Taken together, the current study is the first investigating neural activity in the insula during IA (heartbeat awareness) in non-psychiatric participants scoring high or low on the TAS-DD subscale and patients suffering from MDD scoring equally high on the TAS-DD scale. Higher positive BOLD-responses in response to IA were seen in non-psychiatric alexithymic individuals (NC-highDD), but not in the MDD group with equally high TAS-DD scores. This finding suggests an upregulated insula activity in response to interoceptive, body-related awareness in non-psychiatric alexithymia and may be seen as a compensatory mechanism within the scope of decreased sACC activity. As depressed patients show similarly decreased BOLD responses in the sACC, but unbalanced insula activity, these processes seem to be disrupted in depression.

Limitations

Patients with MDD participating in the current study were under medication. Thus, a medication effect in comparison to the non-psychiatric group cannot be fully excluded. Future studies should control for these influences more rigorously and include unmedicated patients as well. Moreover, it must be pointed out that the investigation of participants' sensitivity to internal processes, i.e., the distinction between good and poor heartbeat perceivers (Pollatos and Schandry, 2004; Herbert et al., 2011) and subsequent whole-brain comparisons, was not targeted in this study.
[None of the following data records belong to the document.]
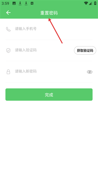 2、重置密碼頁,需輸入手機號、驗證碼和新密碼,完成后可重置密碼。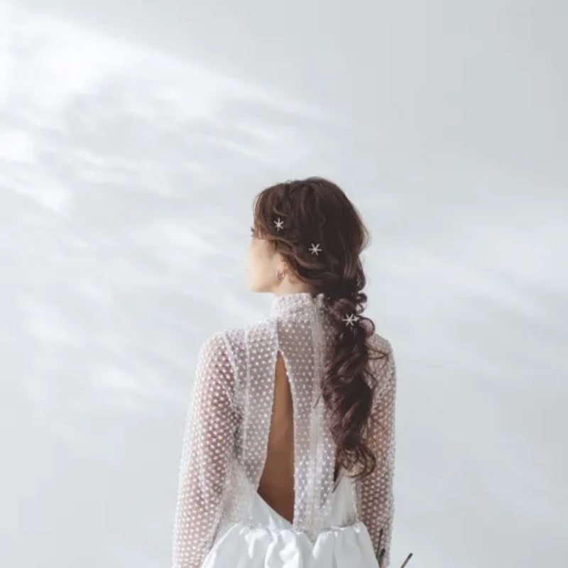 チャペルでの撮影やティアラをつけたい時にぴったりなヘアスタイル。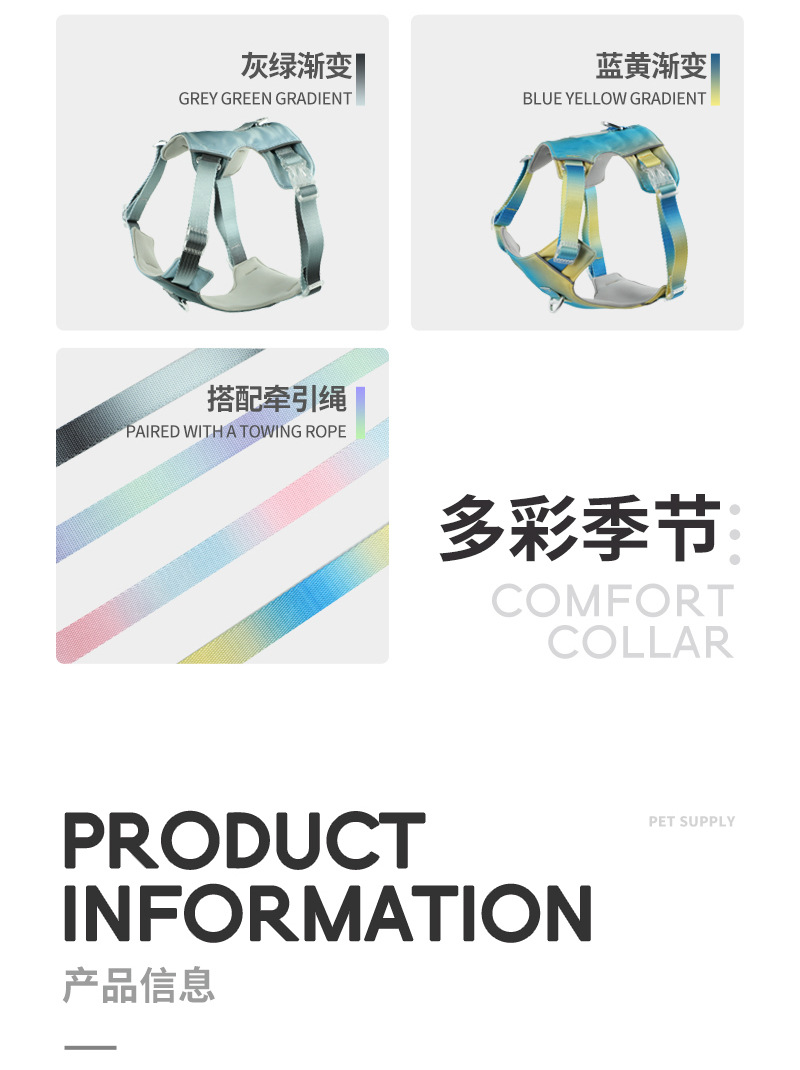 그라디언트 개 견인 로프 조끼 가슴 코트 애완 동물 가슴 스트랩 개 스트랩 중형 및 대형 개 애완 동물 용품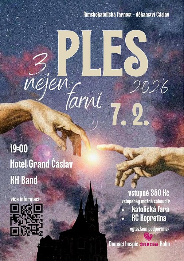 Římskokatolická farnost – Děkanství Čáslav zve na 3. ročník nejen farního plesu, který je určený všem, kdo si chtějí zatančit, ale i se skvěle bavit a užít si jedinečnou atmosféru s večerním překvapením. K poslechu i tanci se mohou návštěvníci těšit na KH Band.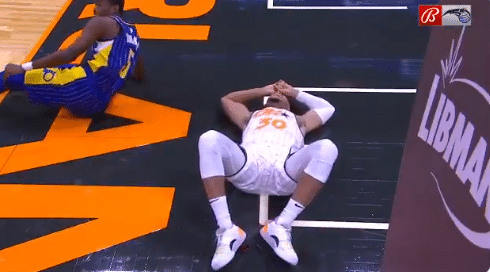 首节比赛,德文-坎纳迪在一次回防当中落地时受伤,明显的右腿受伤,痛苦倒地;地板上甚至出现了血迹,班巴一脸担忧,随后德文-坎纳迪被担架抬离球场,现场球迷以及两队球员和教练组都为他鼓掌祈祷,离场时德文-坎纳迪忍痛向球迷致敬,举手向球迷示意,如此画面真是令人泪目。
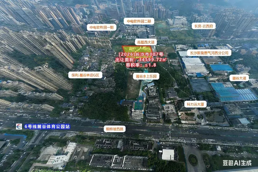 其中,【2026】长沙市007号地块位于岳麓区岳麓大道以南,紧邻麓谷体育公园和中电产业园,西靠保利麓谷林语,距离地铁6号线麓谷体育公园站约1公里。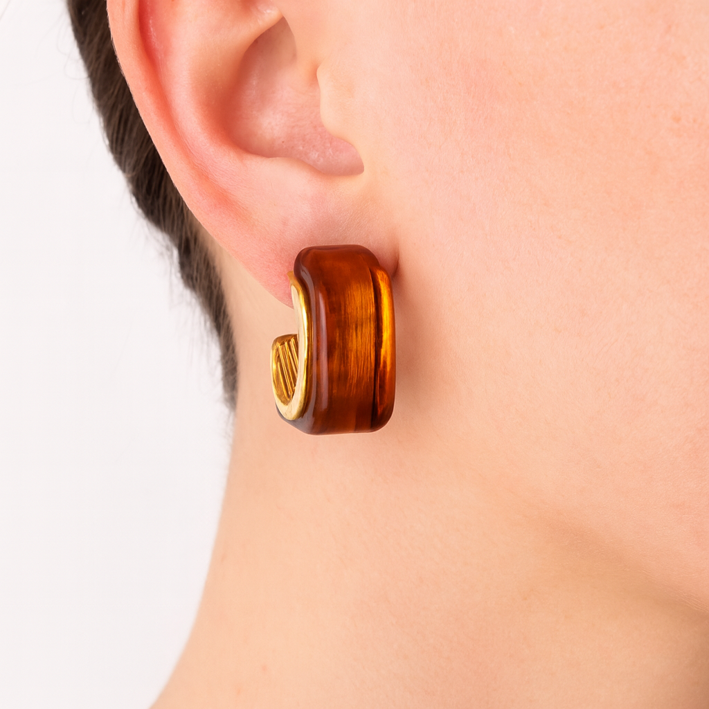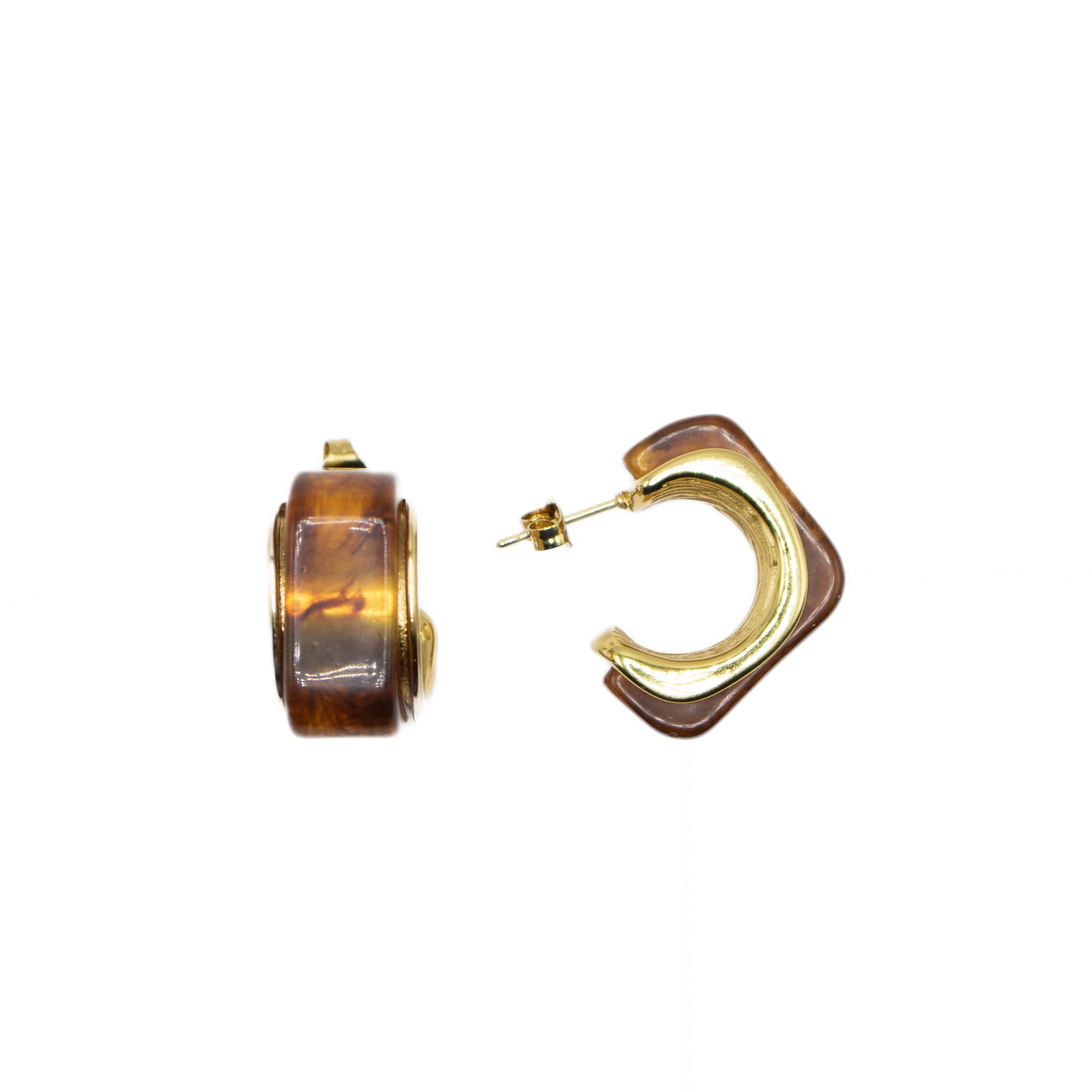 Descrizione: questi orecchini sono realizzati in acciaio inossidabile gold arricchiti da resina color ambra . Sono dei cerchi ma dall'insolita forma squadrata che li rendono originali ed accattivanti. Il design originale, la leggerezza e la qualità della materia prima li rendono un accessorio ricchi di fascino ed adatti anche ad un uso giornaliero.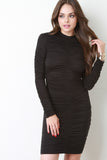 This stylish dress features a soft knit fabrication, mock neckline, long sleeves, and all-around ruched design. Finished with rear zip-up closure and mini-length hemline. Accessories sold separately. Made in U.S.A. 95% Polyester, 5% Spandex.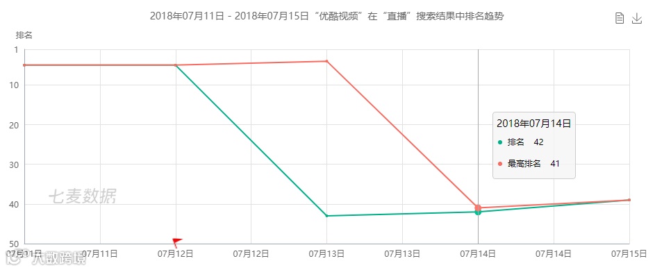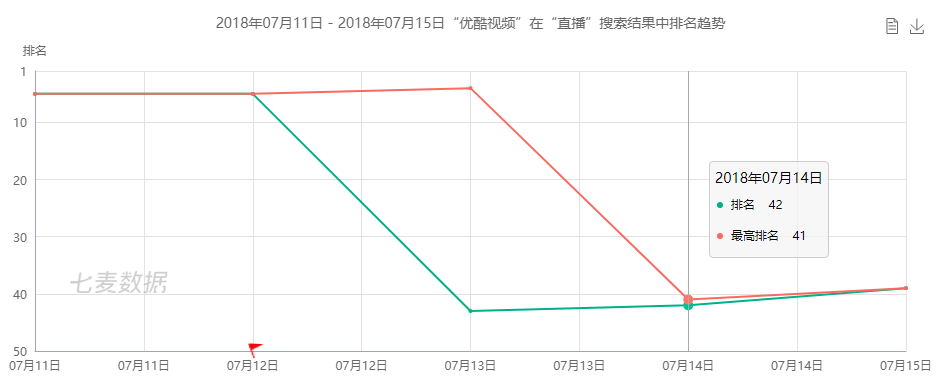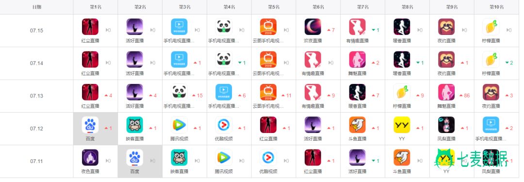 以“直播”为例,调整前稳定在 Top5 的“百度”、“腾讯视频”、“优酷视频”,7 月 13 日,调整后排名都跌出 20 名开外。这几个产品的业务功能都与“直播”相关性不大。
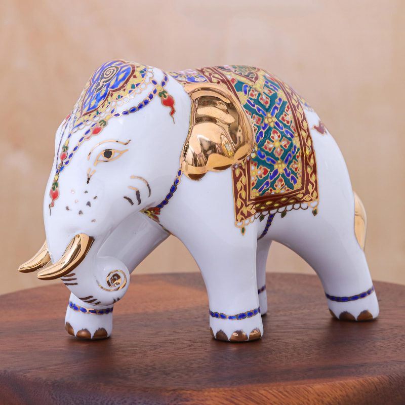You can find our benjarong porcelain figurine 'Aristocratic Elephant' by Panida Tamjun in categories such as Animal Themed Sculpture and Porcelain Sculpture. Enjoy exploring these sections for other Novica treasures.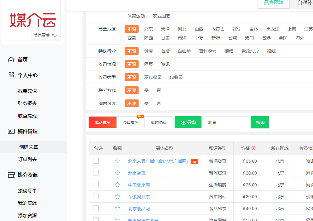 5、進(jìn)入媒體列表頁面后,這里媒體比較多,可以根據(jù)投放需求進(jìn)行索引,篩選北京,或者通過搜索框里輸“媒體名字”就能展示出媒體。勾選媒體確認(rèn)無誤后就可以提交訂單了。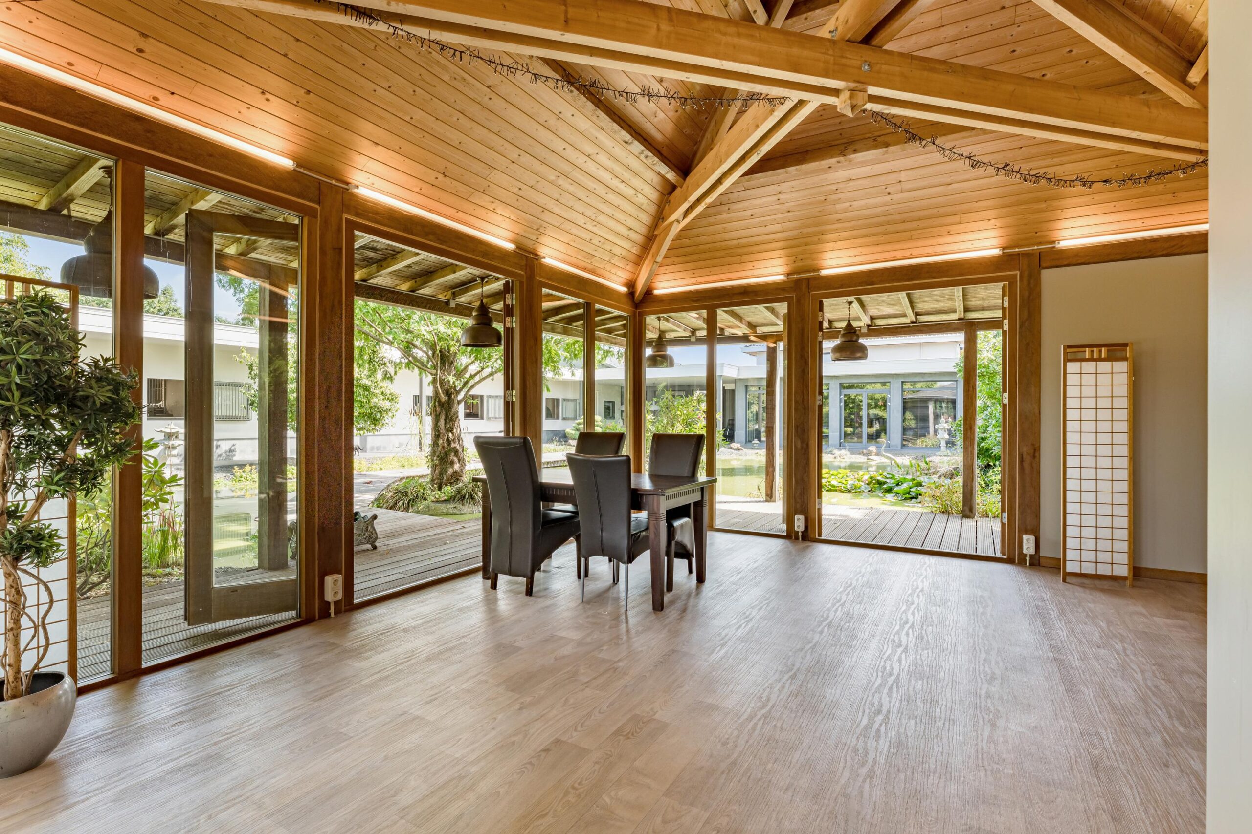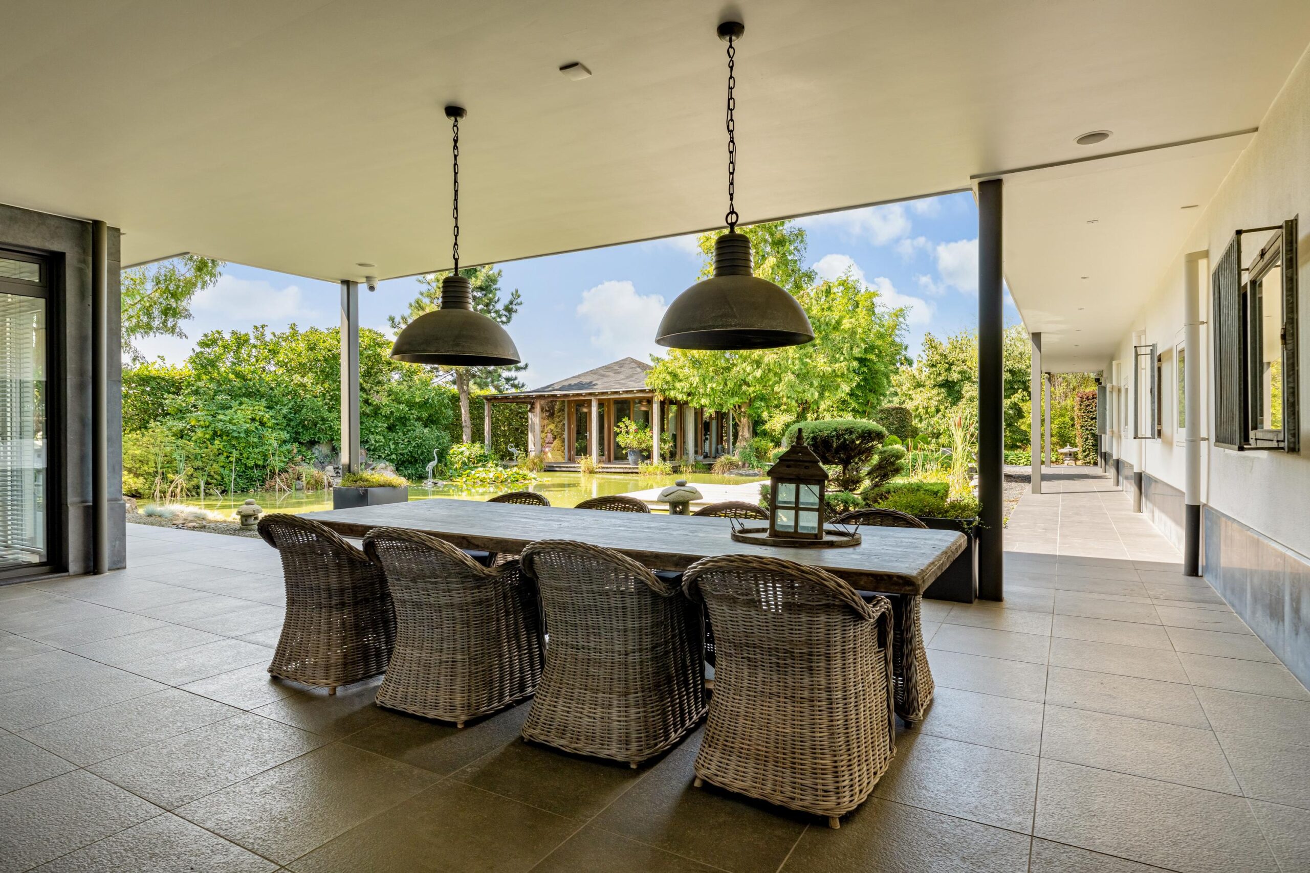 – Tuinhuis met twee toiletten, twee doucheruimtes, fitnessruimte en overdekt terras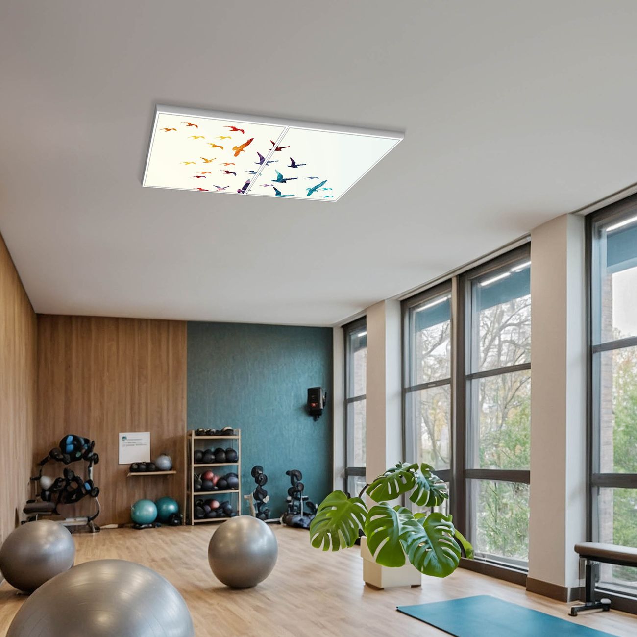 Entdecken Sie unsere vielseitigen Lichtdecken, hier in der Größe 124 x 62cm mit dem Motiv Motiv Fliegende Vögel - Ihre Beleuchtungslösung für jede Umgebung Beleuchten Sie Ihren Raum nicht nur, sondern schaffen Sie Atmosphäre! Die banjado Lichtdecke verwandelt jeden Ort, ob zu Hause, in Praxen, Büros oder Studios in eine Wohlfühloase. Unsere einzelnen Elemente haben eine genormte Einheitsgröße von 62 x 62cm und können somit in jede gängige Rasterdecken verbaut werden. So finden Sie Ihre passende Ausführung: Gern helfen wir Ihnen, die passende Ausführung zu wählen. Hierfür muss die aktuelle Gegebenheit Ihrer Decke oder Wand beachtet werden. Haben Sie bereits eine Rasterdecke (auch Odenwalddecke genannt)? Hier bestellen Sie lediglich das Motiv + Beleuchtungspanel, denn beides wird in die bereits vorhandene Decke eingelegt. Haben Sie eine glatte Decke mit Lichtauslass oder möchten die Lichtdecke an der Wand befestigen? Hier bestellen Sie bitte Motiv + Beleuchtungspanel + Deckenbefestigung, eine Aufbauanleitung liegt immer bei. Die Lichtdecke kann sowohl an der Decke als auch an der Wand montiert werden, perfekt für kreative Lichtakzente oder alternative Beleuchtungslösungen. Haben Sie bereits eine Lichtdecke und möchten nur das Motiv wechseln? Hier bestellen Sie bitte nur Motiv, der Wechsel ist denkbar einfach. Der Aufbau Ihrer banjado Lichtdecke gestaltet sich unkompliziert, dank einer verständlichen Anleitung, die Ihnen Schritt für Schritt durch den Montageprozess hilft. Für die endgültige Installation und den sicheren Anschluss empfehlen wir die Hinzuziehung eines Fachmanns, um die optimale Funktion und Sicherheit Ihrer Beleuchtung zu gewährleisten. Falls Sie einen Fachmann für die Installation benötigen, geben Sie uns gern Bescheid, wir vermitteln Ihnen gern einen geeigneten Ansprechpartner aus Ihrer Nähe. Steuerung: Steigern Sie Ihr Beleuchtungserlebnis mit der nahtlosen Integration in Ihr Smart Home. Durch die Kompatibilität mit der SmartLife App, Alexa und Google Assistant wird Ihr Smartphone zur zentralen Steuerungseinheit. Ihr Handy fungiert hierbei sozusagen als Fernbedienung. Legen Sie individuelle Lichtszenen in der App fest, die bei Aktivierung über den Wand-Ein-/Ausschalter immer wieder abgerufen werden können ohne Handy. Mit der Szenenfunktion in der Smart App können Sie die Beleuchtung personalisieren und steuern, sodass sie auf Ihre individuellen Bedürfnisse, Tagesrhythmus und Stimmung zugeschnitten ist. Beispielsweise können Sie sich in der Morgendämmerung durch ein sanftes Licht wecken lassen oder das Licht der Praxis werktags um 7 Uhr automatisch einschalten lassen. Dieses kann dann natürlich auch zu einer bestimmten Zeit automatisch ausgeschaltet werden. Motivwahl: Diese einzigartige Lichtdecke zeichnet sich durch ihre Fähigkeit aus, die Lichtfarbe je nach gewähltem Motiv anzupassen - ein Baum wirft ein sanftes grünes Licht, während eine Wolkendecke Ihren Raum in ein beruhigendes blaues Leuchten hüllt. Berücksichtigen Sie dies bitte bei Ihrer Motivauswahl. Sie können das Motiv jederzeit ohne großen Aufwand austauschen, ob nach Jahreszeit oder anderem Anlass, unsere Auswahl lässt kaum Wünsche offen. Wir fertigen Ihnen gern eine personalisierte Lichtdecke mit einem eigenen Motiv oder Logo oder Foto, schreiben Sie uns jederzeit an. Technische Daten: Das Motiv ist auf einer 4mm starken Acrylglas Scheibe aufgebracht, das Gesamtgewicht Ihrer Ausführung beträgt 9,9kg. Die Farbtemperatur lässt sich frei einstellen von 3000 bis 6000 Kelvin, damit können Sie stufenlos zwischen warmweiß, neutralweiß und kaltweiß wählen. Die Gesamtleistung bei Ihrer gewählten Ausführung beträgt 80W. Der Lichtstrom beträgt 3600 Lumen, die Nennspannung 230 V. Die Lichtdecke ist mit Schutzart IP20 für den Innenbereich konzipiert und sollte nicht im Nassbereich verwendet werden.

Whilst the performance of heartbeat perception on the behavioral level is inconclusive in depression (Dunn et al., 2007; Terhaar et al., 2012), possible differences in accuracy might be related to cognitive impairments and/or reduced heartbeat evoked potentials in MDD (Terhaar et al., 2012) and thus resemble confounding factors for such analyses. Specifically the impaired heartbeat evoked potentials suggest that the neural activity underlying the interoceptive stimulus response might be altered in MDD per se (Avery et al., 2014). The central interest of the current study was to investigate neural activity during awareness directed toward the internal (heartbeat) or external environment (tones), independent of individual task performance or sensitivity (please refer to Garfinkel et al., 2014 distinguishing interoceptive accuracy from interoceptive awareness). Further research carefully considering those factors and including long counting periods without auditory stimulation is needed to clarify the exact relationship between heartbeat counting performance/accuracy and neural activity during heartbeat counting in health and depression. Finally, methodological concerns could be raised with respect to the subjective measure used (TAS-20). Results of this self-report questionnaire may be biased by self-presentation concerns and social desirability. Controlling for these factors, future studies investigating alexithymia should additionally use observer-based scales, such as the Toronto Structured Interview for Alexithymia (TSIA, Bagby et al., 2006), which show high correlations with TAS-20.

Conclusions

In contrast to neuroimaging studies on emotional processes of alexithymia, often done through emotional picture viewing, the current study focuses on the relationship between neural activity during awareness of body-related, interoceptive stimuli (heartbeat) in combination with subjective scores of alexithymia in depressed and non-psychiatric participants. The results of the current fMRI study show that alexithymia is associated with altered IA-related activity in the sACC (significantly decreased activity in NC-highDD and MDD) and insula (significantly increased activity in NC-highDD, but not MDD). In the context of decreased interoceptive activity in the sACC, increased insula activity in response to interoceptive signals could be a compensatory mechanism within the salience network in non-psychiatric alexithymia, which is decoupled in MDD.

Author contributions

CW and GN conceptualized research; CW developed paradigm, acquired data, analyzed data and wrote the paper.

Conflict of interest statement

The authors declare that the research was conducted in the absence of any commercial or financial relationships that could be construed as a potential conflict of interest.